- **Data section**:
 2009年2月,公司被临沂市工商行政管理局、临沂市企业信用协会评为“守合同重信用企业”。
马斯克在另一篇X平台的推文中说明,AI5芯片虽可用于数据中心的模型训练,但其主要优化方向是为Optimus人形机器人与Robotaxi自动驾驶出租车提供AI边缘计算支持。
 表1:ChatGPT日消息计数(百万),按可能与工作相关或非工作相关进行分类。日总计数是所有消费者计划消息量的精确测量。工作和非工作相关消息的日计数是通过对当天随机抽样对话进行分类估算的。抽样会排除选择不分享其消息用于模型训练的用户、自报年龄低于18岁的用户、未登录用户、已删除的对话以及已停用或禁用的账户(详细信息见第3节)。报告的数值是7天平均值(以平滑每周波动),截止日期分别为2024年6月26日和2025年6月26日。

...

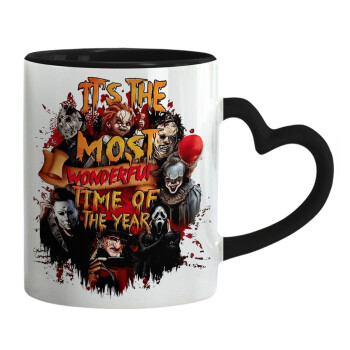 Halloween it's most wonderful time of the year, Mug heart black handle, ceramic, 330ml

- **Required action**: The answer is the run of lines above from the line containing "马斯克在另一篇X平台的推文中" through the line containing "表1:ChatGPT日消息计", copied exactly and alone.

- **Result**:
马斯克在另一篇X平台的推文中说明,AI5芯片虽可用于数据中心的模型训练,但其主要优化方向是为Optimus人形机器人与Robotaxi自动驾驶出租车提供AI边缘计算支持。
 表1:ChatGPT日消息计数(百万),按可能与工作相关或非工作相关进行分类。日总计数是所有消费者计划消息量的精确测量。工作和非工作相关消息的日计数是通过对当天随机抽样对话进行分类估算的。抽样会排除选择不分享其消息用于模型训练的用户、自报年龄低于18岁的用户、未登录用户、已删除的对话以及已停用或禁用的账户(详细信息见第3节)。报告的数值是7天平均值(以平滑每周波动),截止日期分别为2024年6月26日和2025年6月26日。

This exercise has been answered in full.